Equally as excited were the 70-plus vendors — fewer than previous years because of the postponement — waiting to greet and serve the fair patrons. For vendors like Camellia Dennis, the fair and other events like it are her livelihood. Dennis, a vendor from Hughes Spring, is on her third event since the state began opening, but the rush of getting back into the swing of things is still present.
“We’ve been off from all of our events for almost 15 months — before the previous two events,” Dennis said. “I am a little nervous, but the events have been well received and I am excited for this one.”
Dennis, who owns a few funnel cake and lemonade stands, is in her eighth year as a vendor at the South Texas State Fair.
As the night went on, the sound of laughter and the smell of savory food filled the fairgrounds. But while Zernial knows the fair’s first night normally doesn’t bring the biggest turnout, he anticipates the turnout to be larger as the weather improves over the course of the next several days.
Free admission days
The South Texas State Fair will have several free admission days, including H-E-B Fair Share for Hunger on May 23, where guests can gain free admission to the fair by bringing six non-perishable H-E-B-brand canned vegetables. On May 24, all guests will gain free admission courtesy of the Provost Umphrey Law Firm.
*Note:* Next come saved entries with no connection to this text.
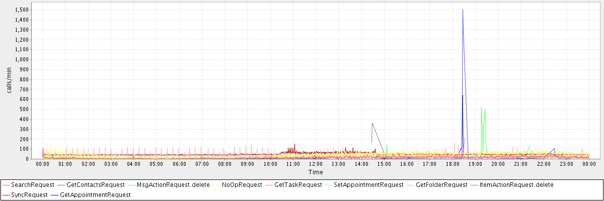 max(SearchRequest) = 110.00 max(GetContactsRequest) = 1504.00 max(MsgActionRequest.delete) = 514.00 max(NoOpRequest) = 157.00 max(GetTaskRequest) = 215.00 max(SetAppointmentRequest) = 137.00 max(GetFolderRequest) = 164.00 max(ItemActionRequest.delete) = 362.00 max(SyncRequest) = 150.00 max(GetAppointmentRequest) = 640.00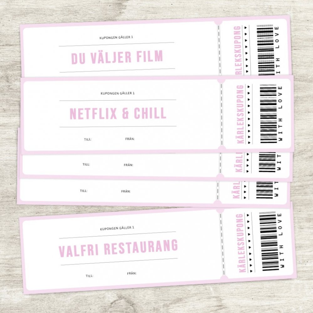 12 kjærlighetskuponger, hvorav 8 er forhåndsskrevne og 4 har plass til dine egne personlige ideer. Klipp ut kupongene, legg dem i en glasskrukke eller en fin eske, pakk dem inn i cellofan, og du har en perfekt gave til Valentinsdagen.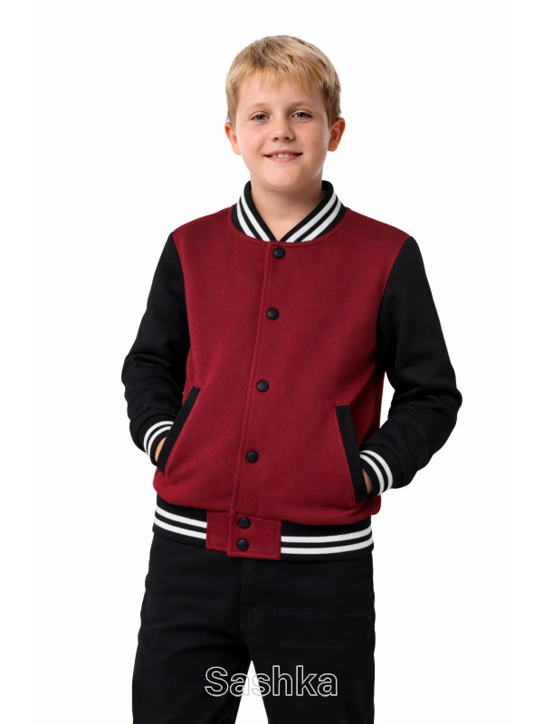 Бордовий бомбер з чорними рукавами утеплений - втілення стилю і комфорту. Модель являє собою скорочену куртку з м'якого трикотажу футер тринитки (Турція) на флісі.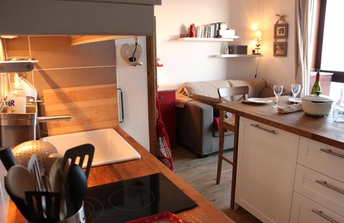 A fully equipped living room-kitchen (dishwasher, fridge, microwave, large sink, lots of storage space, TV, sofa), an alcove with double bunk beds (comfortable mattresses, quality pillow protectors), bathroom bathroom with bath, fully fitted entrance with large closet and wardrobe to keep all the equipment without cluttering the living room. Balcony with superb view of the resort, the slopes, the swimming pool. The little extras that make the difference: the comfort of bedding, quality dishes, new convectors, charming decoration, etc.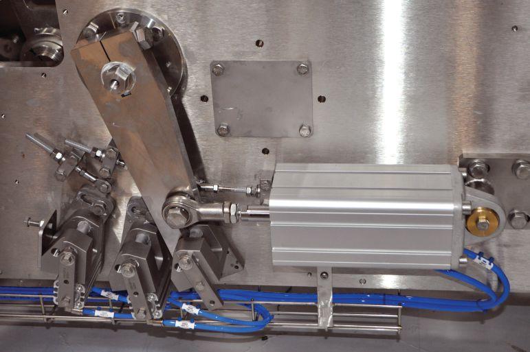 The system has been optimized by Elopak so that it can easily be adjusted to accommodate different carton sizes. Since all machine processes are geared to the top height of the packaging, the user simply has to adjust the bottom height using the Aventics CCI compact cylinder when switching products.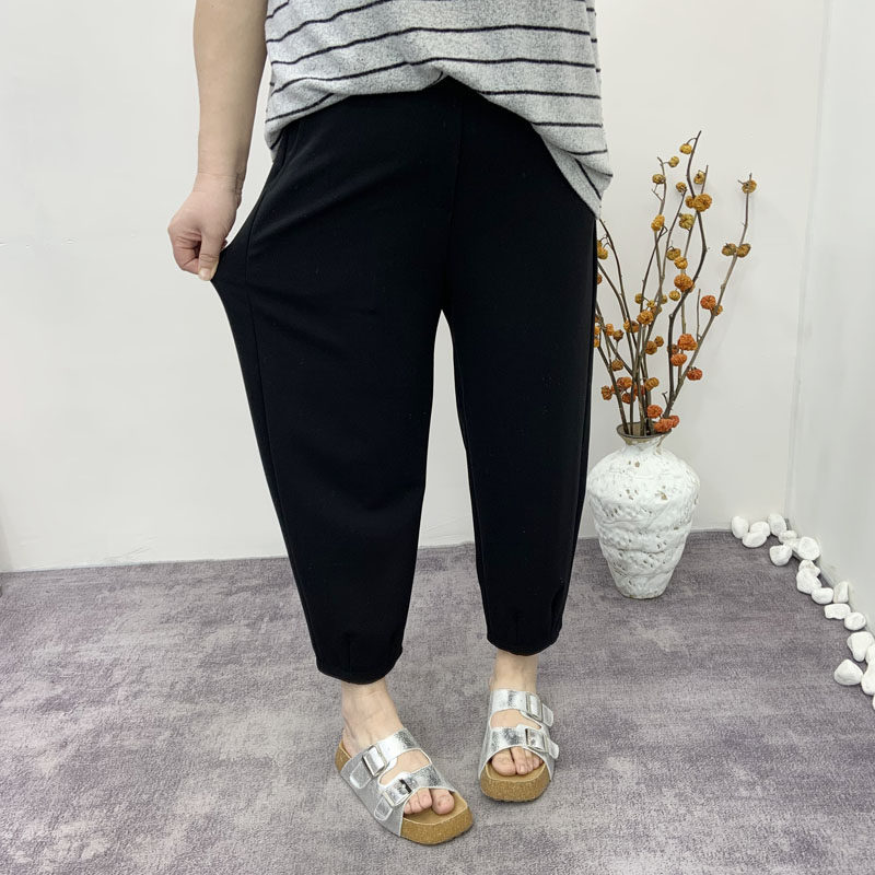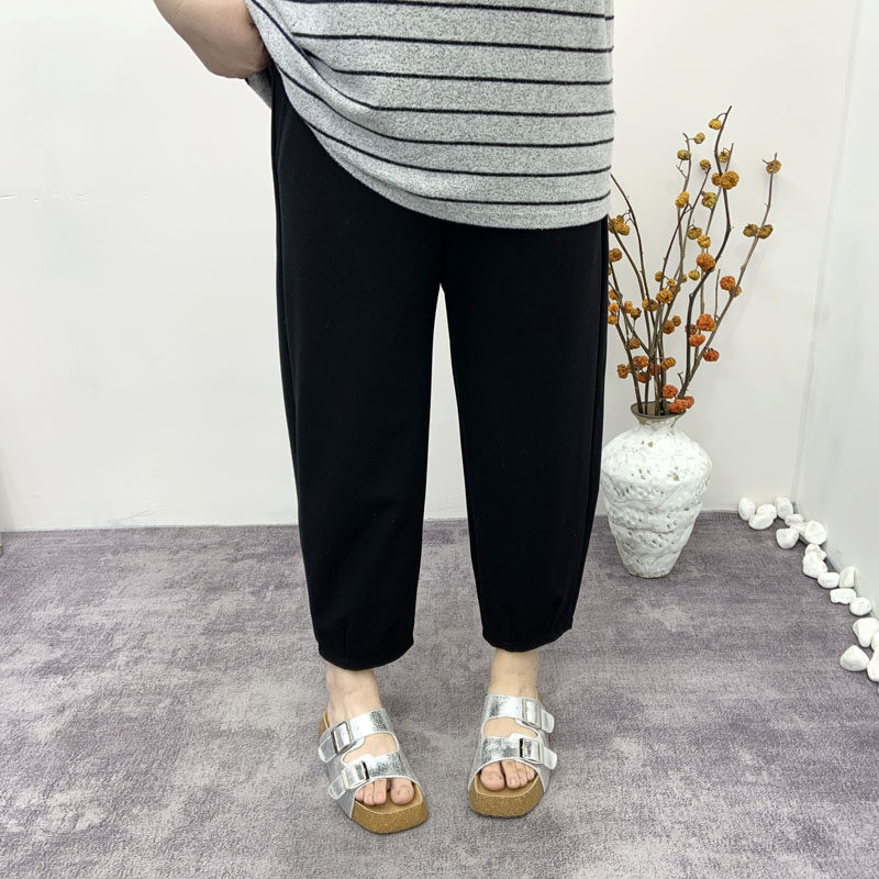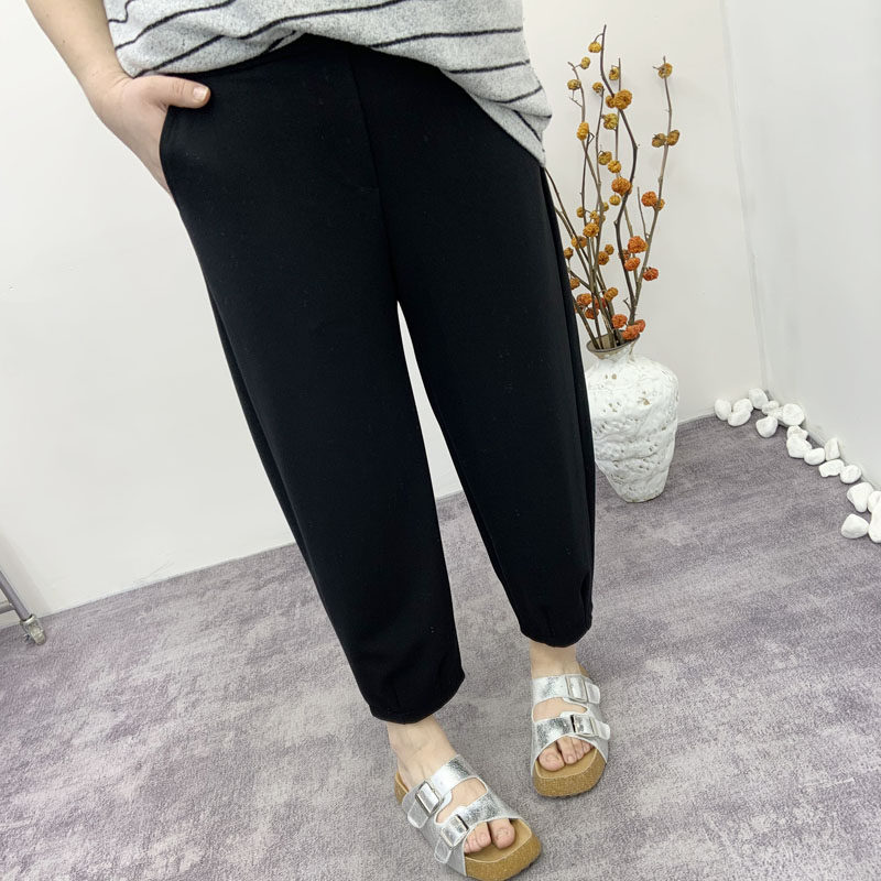 女秋冬垂感小个子雪尼尔香蕉裤 黑色阔腿裤 子 200斤胖mm窄版 加大码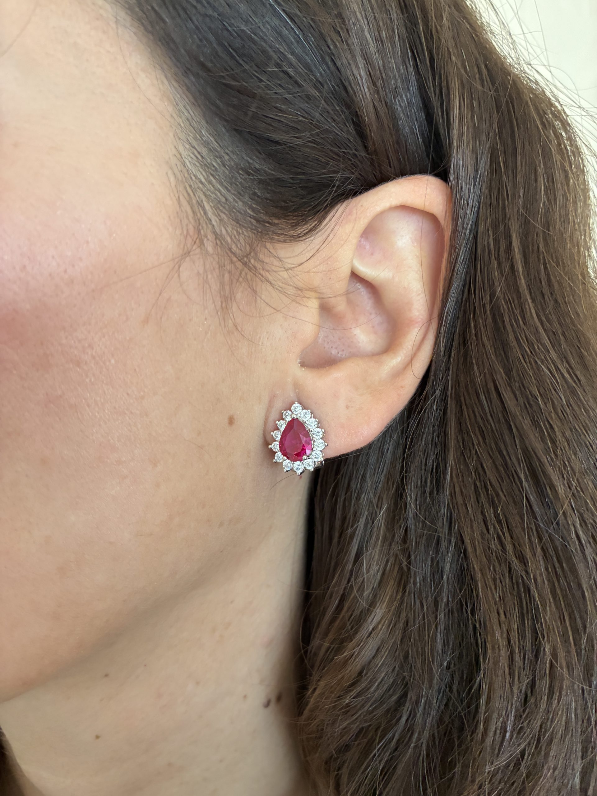 Pendiente de circonita rodidado gota color rubí con garras y cierre omega de 15 mm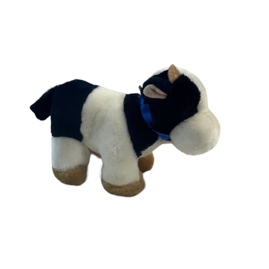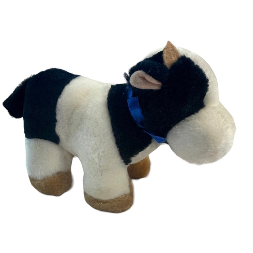 Sweet 8" Vintage Dakin Cow, Excellent Preowned Condition Complete with Tags, Blue Bow, Pink Udder.

The 10-day fair also will have a Military and First Responder Appreciation night May 27, allowing free admission to any current or retired first responder and military personnel.
Tickets can be purchased in advance at FordPark.com to avoid waiting in line at the ticket booth. Online tickets are $10 each, plus taxes and fees, for all ages and parking is free.
How to get to the fair
Before heading to the state fair, the YMBL along with the Texas Department of Transportation released information Wednesday of road closures and how it will affect traffic. The most prominent closure will be the Major Drive exit ramp from Interstate 10 westbound. The closure will last until the end of the fair on May 30.
However, Major Drive and Fannett Road will be accessible from all other points during this period.
YMBL advised attendees who are coming from the north and are traveling westbound on I-10 to exit the Walden Road exit ramp and veer right. Once attendees reach Major Drive, they will turn left onto Major Drive, pass under I-10 and turn left onto the service road before seeing signs for Gate 4.
For attendees coming from the west of the city, YMBL advises to take FM 365 and turn onto Texas 124 toward Major Drive. Upon arriving at the flashing red light at Major Drive, attendees will have to turn left on Major Drive into Ford Park using Gate 2.
Those coming to the fair from U.S. 96, Cardinal Drive, Mid-County or Port Arthur are advised to take Texas 124 toward Major Drive. Once at Major Drive, attendees will turn right and use Gate 2.
Lastly, fairgoers coming from the west end of Beaumont will use Major Drive, cross under I-10, turn left onto the service road and enter using Ford Park Gate 4 — the main marquee entrance.